Ending the story after a number of turns

Hi everyone, I’m very new to this IF stuff and struggling to get to grips with Inform 7.

I have a scene which involves a goblin running toward the player and the game will end (with the goblin killing the player) in a few turns unless the player carries out a specific action. I have tried many ways to achieve this but failed at each attempt.

The closest I’ve got is by doing something like this…

[code][Meet The Goblin scene]
During Meet The Goblin, goblin distance is a number which varies.

When Meet The Goblin begins:
let goblin distance be 30;
say "Suddenly you hear footsteps alternating clumsily between running and stumbling through the forest; twigs cracking beneath them and accompanied by a familiar congested breathing.

'The goblin!!' you anxiously mutter under your breath.";
say "Goblin distance is [goblin distance]".

Every turn during Meet The Goblin:
decrease goblin distance by 10;
say “The goblin is getting closer! [goblin distance]”;
if goblin distance is 0, end the story saying “You’re dead”.[/code]

But for some reason the “goblin distance” value seems to get reset to zero after the scene begins (you can see I’ve put in some debug code to check the distance value). So when the scene begins the line…

	say "Goblin distance is [goblin distance]".

shows “Goblin distance is 30”… as it should.

But then the line…

	say "The goblin is getting closer! [goblin distance]";

shows the goblin distance as -10… as if it has reset it to zero?!? I’m baffled by this, can anyone help explain to me what I am doing wrong?

Your assistance is greatly appreciated.
:slight_smile:

I find there’s always usually an easier way to do some things. What about this?

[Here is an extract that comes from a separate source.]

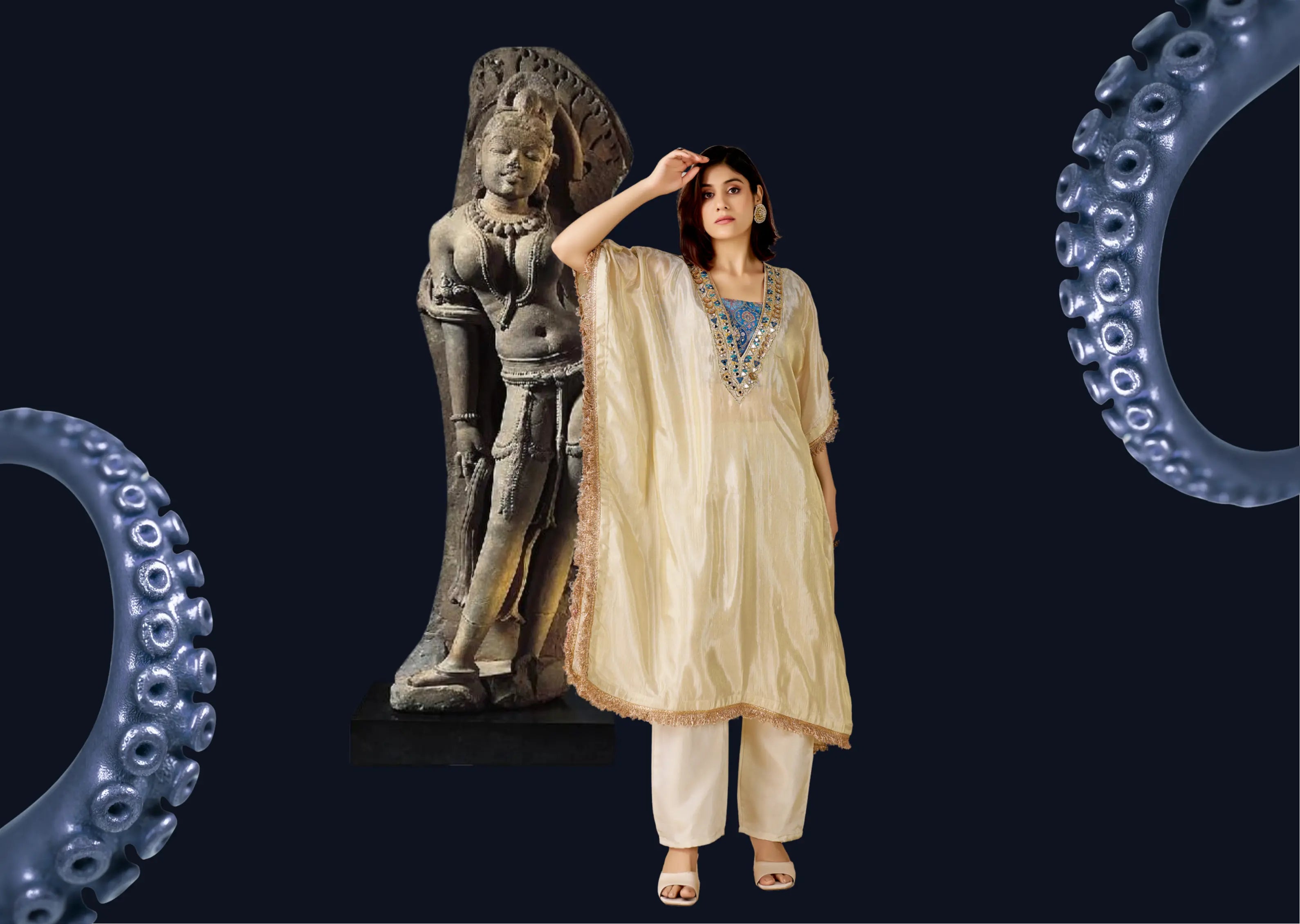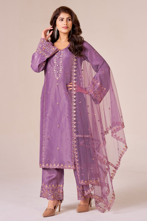 IOLY Ethnic Motifs Embroidered Thread Work Tissue Kurta With Trousers & Dupatta

every turn while in the location: if the player has been in the location for exactly 10 turns: end the game in death.

Of course, you’d add descriptive text into this.

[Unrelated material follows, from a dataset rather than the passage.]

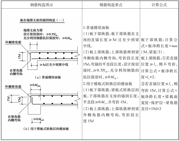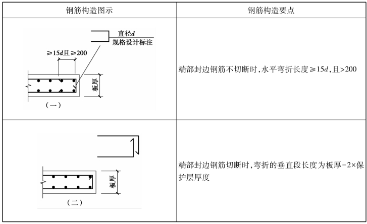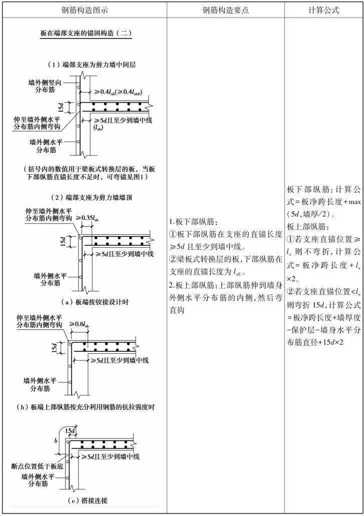 表4.5 楼板端部支座的钢筋构造(16G101—1第99和100页)

Then, you add the warnings with stuff like:

every turn while in the location: say "[one of]The goblin's getting closer.[or]etc.[or]etc[or]He has reached you![stopping]"

And just make sure your timing with the first part fits the descriptions of the 2nd part.

There are other ways to do it, but the problem with the way you tried is that you said ‘let’, which creates a temporary variable. You want a global variable, which you set using ‘now’. Replace ‘let’ with ‘now’ and see what happens.

Also, this line: ‘During scene, suchandsuch is a number which varies.’ - that’s actually creating a variable called ‘During scene, suchandsuch’. It compiles because ‘suchandsuch’ is an unambiguous reference to that variable. You can tuck a variable away on the scene object easily enough, but that’s not the way to do so.

Wow! Brilliant replies. Thank you so much!

I shall try both methods before opting which one to go for.